Many years ago I wrote a short essay arguing that social judgments in psychiatry  (e.g., inappropriate affect) are both inevitable and essential to our work.  I was not a psychiatrist yet, but nothing I have seen since has changed my view.  Despite great advances in biological psychiatry, we still cannot ascribe specific attitudes or viewpoints to neurological damage.  Insight is still subjective.  And if we ever do identify the seat of “psychiatric anosognosia,” our understanding will no longer be psychiatry, but neurology.

3 comments to Psychiatric anosognosia

  • M

    It was indeed a very sad article.

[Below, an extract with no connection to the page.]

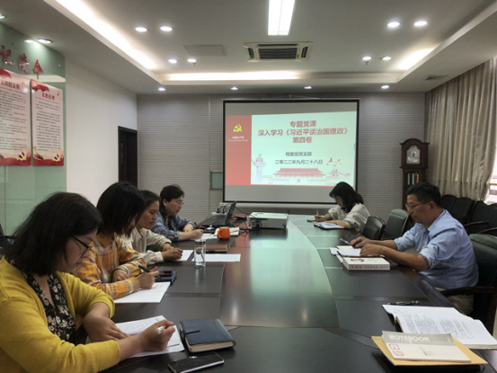 9月28日下午,档案馆党支部书记徐成进以“读懂用好《习近平谈治国理政》第四卷”为题给支部全体党员上了一堂生动的专题党课,支部成员联系个人学习成果和工作实际,从不同角度进行了交流讨论。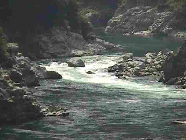 いつもの 夏場の 水量です。商業ラフトも にぎやかです。 ただ カヤックは 来週 8/30に 四国ロデオ大会が

Most troubling was that even though her sister and daughter had sought to help her, they couldn’t save her from herself.

  • Interesting post. I agree with all of it except the idea that once we understand the underlying biology of (whatever might be called “psychiatric anosognosia”), it will become the subject of neurology. I do not see additional neurobiological insight as diminishing psychiatry. I think that the additional insight will expand psychiatry.

    For example, neurologists are apparently not interested in why people do not have insight into blood sugar levels, blood pressure, etc. Those remain the interests (and frustrations) of internists.

    Thanks for the interesting post.

    • Thanks for visiting (The Alienist is a fellow psychiatric blogger). As I see it, neurologists aren’t interested in lack of insight (or denial of illness) in diabetes or hypertension because there is no known neurological substrate. If one is discovered, they will be. In the meantime, minor denial is a frustration of internists, and gross denial comes to the attention of psychiatric consultants. See my post “Embracing psychiatric uncertainty” for historical examples of psychiatric diagnoses that were picked up by other specialties once the pathophysiology was known.